Should a REST API return a 500 Internal Server Error to indicate that a query references an object that does not exist?

https://softwareengineering.stackexchange.com/questions/368213

31-01-2021
|

Question

I am working with a REST API which resides on a server that handles data for a multitude of IoT devices.

My task is to query the server using the API to collect specific performance information about said devices.

In one instance, I obtain a list of available devices and their corresponding identifiers, then later query the server for more details using those identifiers (GUIDs).

The server is returning a 500 Internal Server Error for a query on one of those IDs. In my application, an exception is thrown and I don't see details about the error. If I examine the response more closely with Postman, I can see that the server returned JSON in the body which contains:

errorMessage: "This ID does not exist".

Disregard the fact the server provided the ID to begin with -- that's a separate problem for the developer.
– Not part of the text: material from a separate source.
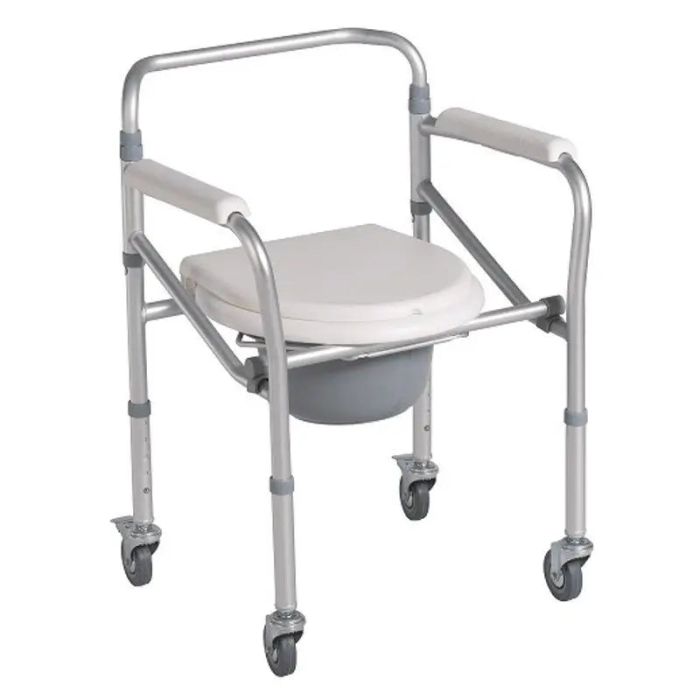 Las ruedas permiten desplazarla con mayor comodidad. Su estructura es de aluminio. Sus características son las siguientes: Fabricada a en aluminio con cubeta y tapas de plástico. Peso máximo: 100 Kgs Peso del artículo: 5,2kg Medidas: 53 x 49 cm. Ancho total 53 cm Medidas asiento: 38 x 39 Plegable y ajustable en altura: 45-59 Esta silla está indicada para personas con problemas de movilidad y que no son capaces de sostener su cuerpo sentado en el inodoro. También puede ser una opción para mejorar la calidad de vida de las personas que sufren de incontinencia urinaria. En esta sección también podrás encontrar banquetas y sillas de ducha que están pensadas para el inodoro. Instalarla al lado de este no dificulta el paso al ser abatible, pero ayuda a la incorporación o al traslado lateral cuando está desplegado.

Should a REST API return a 500 Internal Server Error to report that a query references an object that doesn't exist? To my thinking, the HTTP response codes should refer strictly to the status of the REST call, rather than to the internal mechanics of the API. I would expect a 200 OK with the response containing the error and description, which would be proprietary to the API in question.
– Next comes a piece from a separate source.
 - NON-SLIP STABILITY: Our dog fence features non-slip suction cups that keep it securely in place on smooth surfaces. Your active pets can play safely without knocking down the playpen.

It occurs to me that there is a potential difference in expectation depending on how the REST call is structured.

Consider these examples:

http://example.com/restapi/deviceinfo?id=123
http://example.com/restapi/device/123/info

In the first case, the device ID is passed as a GET variable. A 404 or 500 would indicate that the path (/restapi/deviceinfo) is either not found or resulted in a server error.

In the second case, the device ID is part of the URL. I would be more understanding of a 404 Not Found, but still could argue based on which parts of the path are interpreted as variables versus endpoints.

Solution

I think a 404 response is the best semantic match here, because the resource you were trying to find (as represented by the URI used for the query) was not found. Returning an error payload in the body is reasonable, but not required.
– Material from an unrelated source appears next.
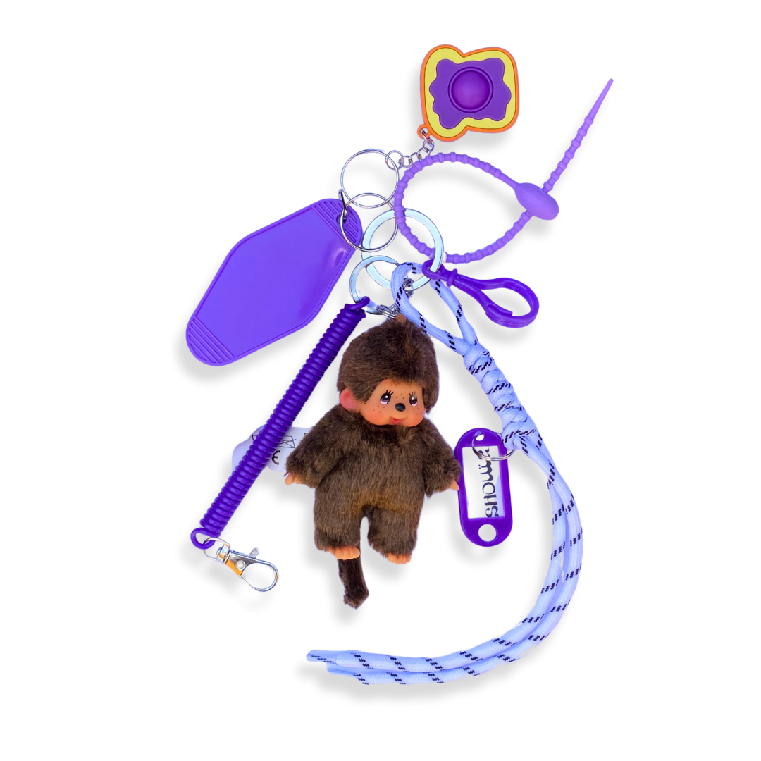 A nostalgic bag charm featuring a kiki, all purple. A bold and fun accessory to add a retro wink to your style.

According to RFC 2616, the definition of the 404 status code is:

10.4.5 404 Not Found
The server has not found anything matching the Request-URI. No indication is given of whether the condition is temporary or permanent. The 410 (Gone) status code SHOULD be used if the server knows, through some internally configurable mechanism, that an old resource is permanently unavailable and has no forwarding address. This status code is commonly used when the server does not wish to reveal exactly why the request has been refused, or when no other response is applicable.

OTHER TIPS

I will use your examples.

http://example.com/restapi/deviceinfo?id=123

If the endpoint returns a json array, the best choice for is 200 OK with a empty array if no result were found.

If the endpoint is designed to return a single result, my choice would be 404 NOT FOUND, because, for me, the right syntax for this kind of endpoint is: http://example.com/restapi/deviceinfo/123. I usually use request param only for filtering and when my endpoint returns an array.

http://example.com/restapi/device/123/info

I think this question was already answered here. POST or GET, the better choice seems 404 NOT FOUND because the resource 123 was not found.

In both cases I can't see the necessity to explain the reason of the request was not completed. The request information and HTTP code already explains why.

HTTP 404 is correct, because the server understands what resource the client is asking for, but it doesn't have that resource.

The fact that you're working with a "REST API" is the key. The API should behave like it's performing a REpresentational State Transfer, not executing a function. (Sure, the term "REST" has come to have a broader meaning, but you can still use its literal meaning to good effect here.) The client has asked for the state of a resource described by the URL http://example.com/restapi/device/123/info . A querystring (/deviceinfo?id=123) wouldn't change the situation. The server knows you're asking to transfer the state of device 123, but it doesn't recognize that as a known resource. Hence HTTP 404.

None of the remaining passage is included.